Winnie the Pooh: Blood and Honey, Rhys Frake-Waterfield tarafından yönetilen bir korku filmi, A.A. Milne’in sevilen karakterlerini tamamen farklı bir bağlamda, aç ve terk edilmiş vahşi yaratıklar olarak sunuyor. Film, Christopher Robin’in ormandaki eski dostlarını ziyaret etmesi ve onların artık masum olmayan, insanlara saldıran canavarlara dönüştüğünü keşfetmesiyle başlıyor. Bu beklenmedik dönüşüm, çocukluk hayal gücünden beslenen bir kurgunun karanlık bir versiyonunu ortaya koyuyor.
Christopher Robin’in ormanına dönüşü ve sevgi ve temel beslenme için ona bağlı olan Pooh ve Piglet’ın deliye dönmesi, onun çocukluğunun terk edilmesinin sadece lirik ve üzücü değil, aynı zamanda ihmal edici bir kötüye kullanım olduğunu gösteriyor.

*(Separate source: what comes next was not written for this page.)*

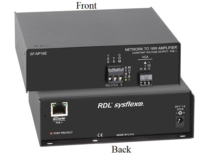 The SF-NP16E is equipped with an internal VCA for setting the output level. A detachable terminal block provides for the connection of an external 10 KΩ potentiometer or a 0 to 10 Vdc control voltage. The amplifier gain remains at maximum when the VCA input terminal is not connected. RDL remote controls are available to provide single-turn, multi-turn (rotary encoder) or pushbutton (ramp or fixed level selection) user level control. VCA control insures long term noise-free level adjustment.

Her iki inceleme de, Winnie the Pooh: Blood and Honey‘nin, bazı açılardan büyük ölçüde yetersiz kaldığını ve potansiyel olarak ilginç sıradan bir uygulamayla sunarak izleyiciyi hayal kırıklığına uğrattığını vurguluyor. Hikaye ve karakter gelişimindeki eksiklikler, filmi sadece merak uyandıran bir deneyim olarak bırakıyor, ancak çoğunlukla hayal kırıklığı yaratan bir yapım olarak değerlendiriliyor.